***** INPUT DATA *****

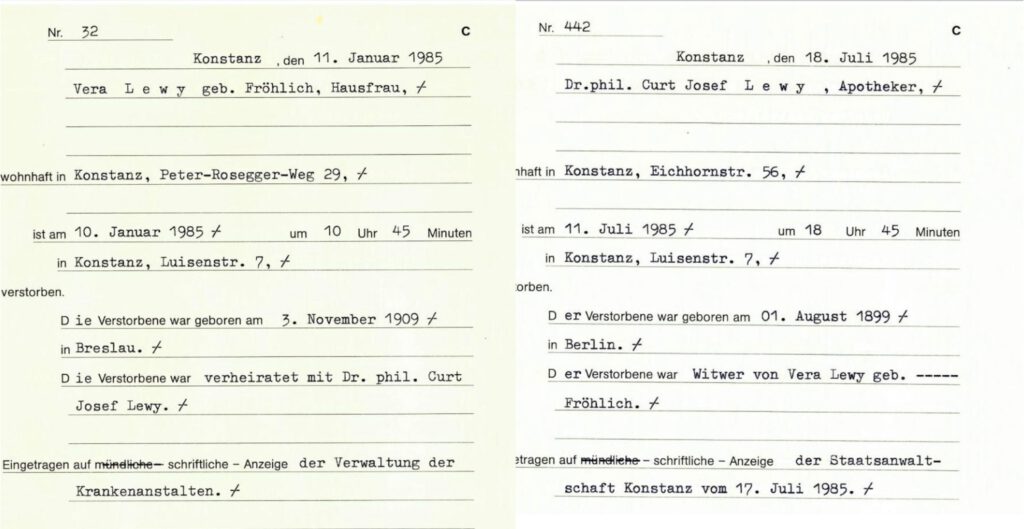 Curt Lewy verstarb am 11. Juli 1985 in Konstanz im Alter von 86 Jahren. Seine Frau Vera Lewy geborene Fröhlich, die mit ihm nach Deutschland zurückgekehrt war, starb wenige Monate zuvor, am 10. Januar 1985 im Alter von 75 Jahren (Bild 6).
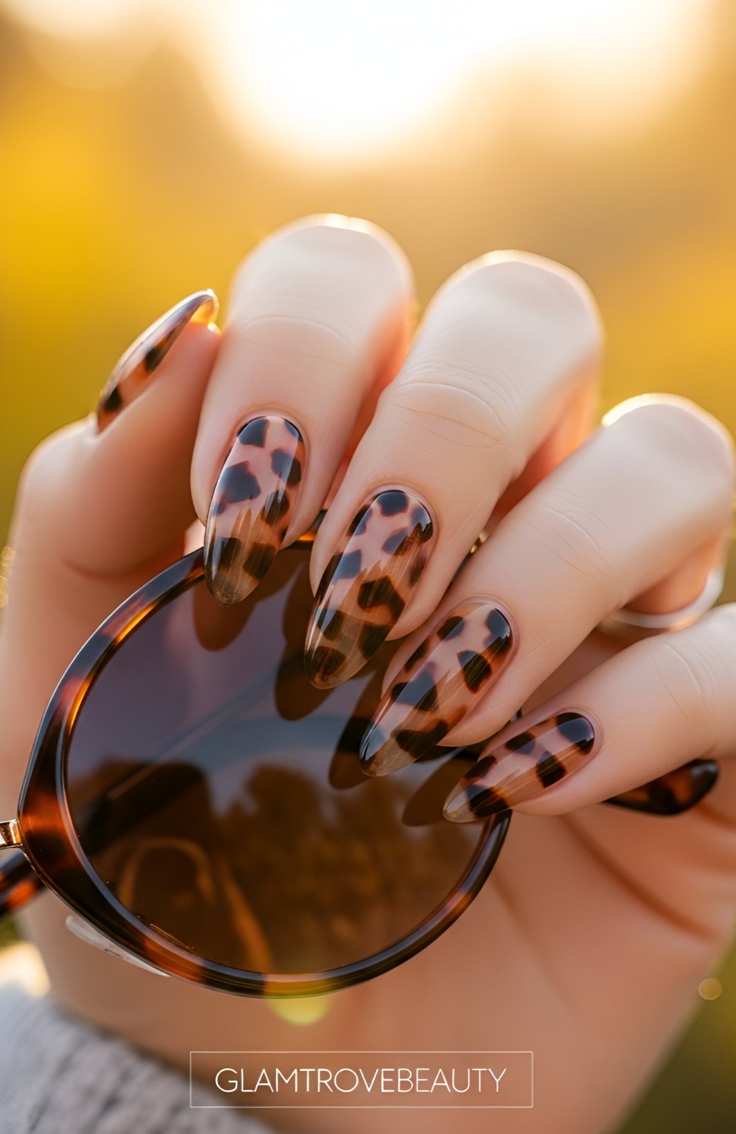 This fall version of the viral glazed nail trend adds amber chrome shimmer for a golden-hour glow. Elegant and trendy, it catches light beautifully for a radiant autumn look.
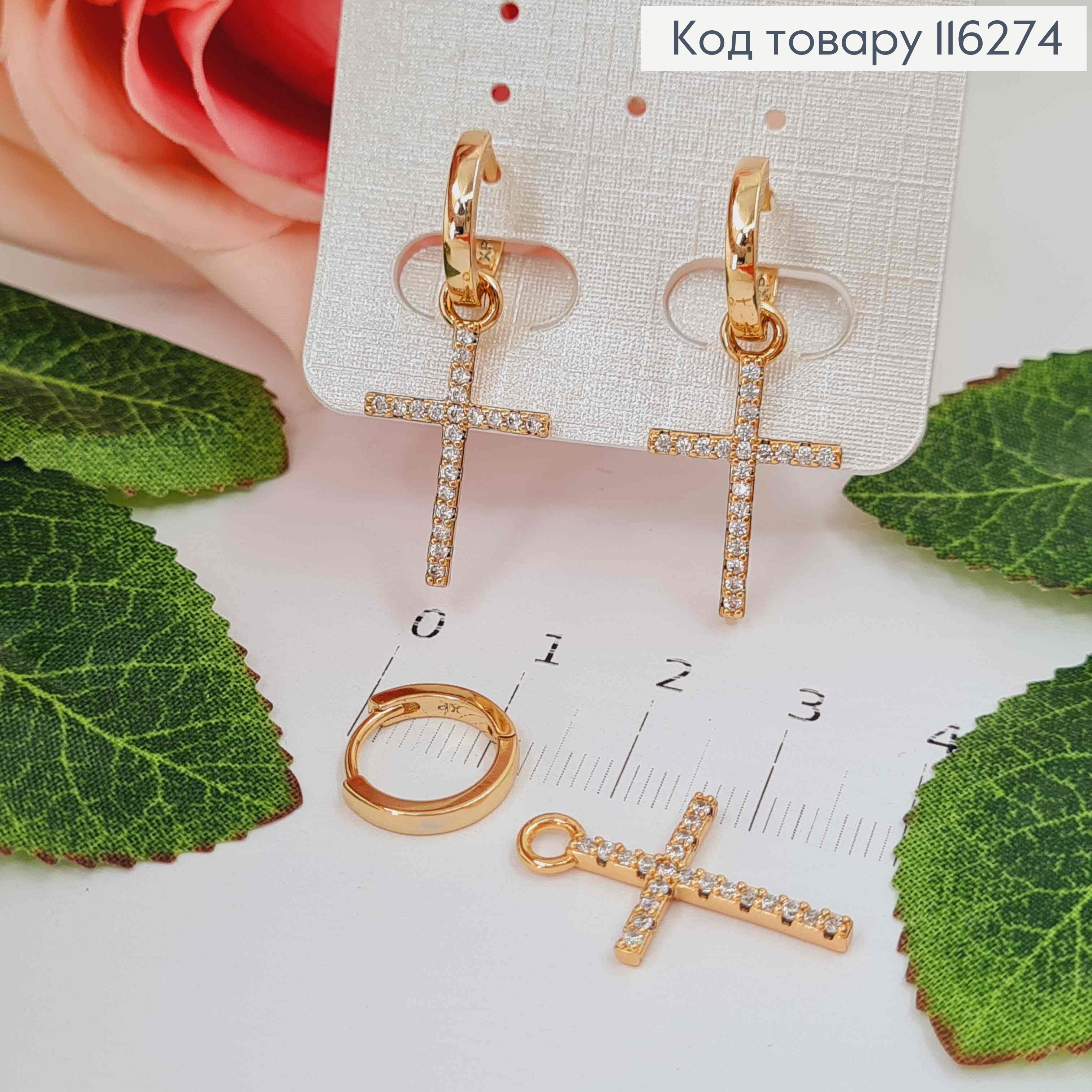 Серьги кольца 1см, с подвесками Крестиками в камешках, 2*1,3см, (трансформ.) Xuping 18К

*****

**WORK REQUEST**
Print the material precisely as given, dropping any images it holds.

**EXERCISE RESPONSE**
 Curt Lewy verstarb am 11. Juli 1985 in Konstanz im Alter von 86 Jahren. Seine Frau Vera Lewy geborene Fröhlich, die mit ihm nach Deutschland zurückgekehrt war, starb wenige Monate zuvor, am 10. Januar 1985 im Alter von 75 Jahren (Bild 6).
 This fall version of the viral glazed nail trend adds amber chrome shimmer for a golden-hour glow. Elegant and trendy, it catches light beautifully for a radiant autumn look.
 Серьги кольца 1см, с подвесками Крестиками в камешках, 2*1,3см, (трансформ.) Xuping 18К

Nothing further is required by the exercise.